Dans son huitième roman, Ada, paru dans le cadre de la rentrée littéraire 2016, Antoine Bello plonge ses lecteurs dans le monde mystérieux et passionnant de l’intelligence artificielle. Critique d’un récit d’anticipation efficace qui se lit comme un polar et dont l’intrigue rappelle, à la fois, le film de science-fiction I-Robot et la série policière ultra-réaliste New York Unité Spéciale.

© Gallimard
Lorsqu’Ada, une Intelligence Artificielle, ou AI, programmée pour écrire des romans sentimentaux, disparaît des ordinateurs de la Turing Corp, une entreprise d’informatique en vue de la Silicon Valley, l’affaire est confiée, faute de mieux, à une unité de police spécialisée dans la recherche de personnes disparues et la lutte contre le trafic d’êtres humains. C’est ainsi que Frank Logan, un flic de la vieille école, vraiment pas très à l’aise avec les nouvelles technologies, se retrouve embarqué, bien malgré lui, dans une enquête qui le dépasse et découvre des secrets qui pourraient changer profondément l’avenir de l’humanité.
C’est cette histoire certes fictionnelle mais totalement plausible que raconte l’écrivain français Antoine Bello dans son dernier ouvrage, Ada. Il propose aux lecteurs de suivre le déroulement des investigations du point de vue de Frank et le résultat s’avère être une réussite. Cette intrigue dans l’air du temps donne un côté résolument moderne au roman et on apprécie ce policier proche de la retraite, un peu réac sur les bords, mais profondément attachant.
Un polar réaliste et bien mené
Au début du livre, le lecteur se retrouve parachuté dans le quotidien d’une sorte d’Unité Spéciale californienne un peu mollassonne, dont l’essentiel du travail consiste à retrouver de jeunes fugueurs et à tenter d’arrêter des proxénètes. Il comprend donc tout de suite que Frank n’est absolument la personne idéale pour retrouver un programme informatique perdu. Cependant, très vite, l’histoire s’emballe à mesure que le mystère s’épaissit et l’on se prend vite au jeu de cette enquête dont les nombreux rebondissements nous tiennent en haleine. Le suspense est d’ailleurs souligné par la forme même du texte avec ses chapitres courts qui mettent l’accent sur la rapidité avec laquelle les retournements de situation s’enchaînent.

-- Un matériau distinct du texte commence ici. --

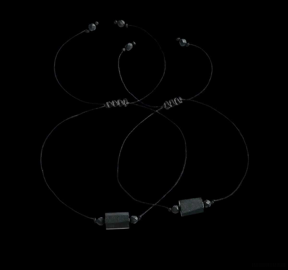 Komplet dla pary : ochronne bransoletki - czarny turmalin : czarny sznurek
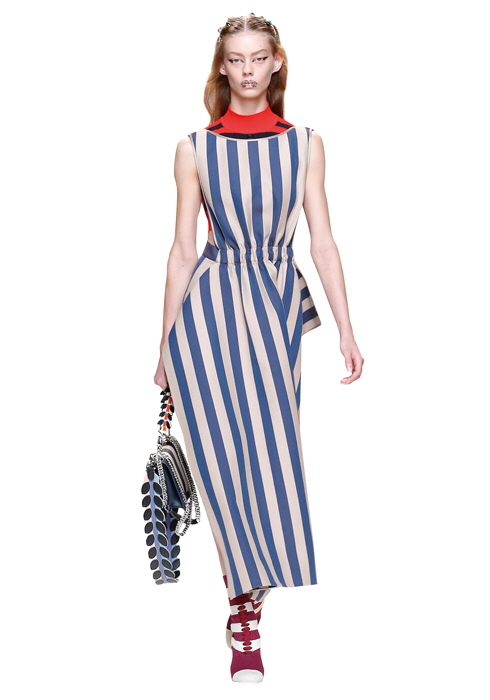 여름이면 등장하는 머린 룩 때문인지 스트라이프는 플라워 패턴만큼이나 더 이상 새로운 트렌드는 아니지만, 이번 시즌은 풍기는 에너지부터 남다르다. 여전히 해변의 파라솔을 연상시키는 머린풍 스트라이프부터 모던하고 그래픽적인 스트라이프까지 다양하게 등장하는데, 생동감 있는 굵기의 변화와 비비드한 컬러의 위트 있는 배치를 통해 경쾌하면서 아티스틱한 느낌을 더한 점이 관전 포인트다. 먼저 에이프런 모티브의 드레스를 비롯해 가방, 신발 등 머리부터 발끝까지 브랜드를 상징하는 크고 작은 줄무늬로 가득 채운 펜디의 룩을 살펴보자. 설명만 들었을 땐 온통 줄무늬로 장식한 과하고 부담스러운 룩이 떠오르지만, 컬러와 스트라이프 굵기의 강약을 적절히 조절해 실제 모델 룩은 우아하고 여성미가 넘친다. 이와 더불어 강렬한 컬러를 믹스해 경쾌하면서도 스포티한 스트라이프 니트 웨어를 선보인 프로엔자슐러, 오프닝 세레모니, 소니아 리키엘도 눈여겨볼 것. 이 룩들이 서로 다른 굵기, 컬러의 스트라이프를 함께 매치한 스타일이라면, 고수를 위한 스타일링법으로 스트라이프와 도트, 페이즐리, 체크 등 다른 패턴을 믹스한 룩도 눈에 띈다. 프라다는 1970년대 레트로 느낌을 가미한 체크, 지오메트릭 패턴을 스트라이프와 매치했는데, 각기 다른 패턴을 믹스했음에도 어색하지 않고 되레 굉장히 스타일리시하다. 아직까지는 여러 개의 프린트를 믹스하는 것이 어려운 초보자라면 패턴의 컬러 톤만 맞춰도 스타일링이 쉬워진다. 각기 다른 스트라이프와 페이즐리 패턴을 믹스했지만 블랙 & 화이트로 컬러 톤을 맞춰 조화로운 룩을 완성한 에트로 컬렉션이 가장 좋은 예다.

En outre, même s’il est de nationalité française, Antoine Bello est né et vit aux États-Unis. Ainsi, il décrit avec précision les réalités de la vie quotidienne de Frank et de sa femme, un couple banal d’Américains moyens qui doivent faire face aux grands bouleversements que le développement galopant des technologies de pointe fait subir à leur ville comme à l’ensemble de la société. A grand renfort d’anecdotes vraies ou non et de petits détails, il montre comment la Silicon Valley s’est presque complètement transformée en l’espace de quelques années.
Un questionnement sur la conscience et la littérature
Cependant, bien que l’intrigue se concentre essentiellement sur la recherche de l’AI disparue, l’auteur en profite pour ponctuer son histoire de quelques passages où les protagonistes prennent un peu de recul et abordent des questions essentielles que l’enquête soulève. Ainsi, en apprenant que des ordinateurs sont conçus pour écrire des livres en se basant sur des statistiques, Frank s’interroge sur la place réelle de la notion de créativité dans l’art. En constatant aussi qu’Ada fait, à sa manière, preuve d’imagination, il se demande ce qui différencie les humains des robots. En donnant l’avis de plusieurs personnages sur ces problématiques de fond et en faisant évoluer l’opinion de Frank au fil des évènements, Antoine Bello parvient à donner aux lecteurs plusieurs façons de voir les choses. Ainsi, sans imposer trop directement sa vision quelque peu fataliste des choses, il nous amène subtilement à réfléchir sur notre avenir.
Ada d’Antoine Bello, paru en France en 2016 aux éditions Gallimard (362 pages, 21€).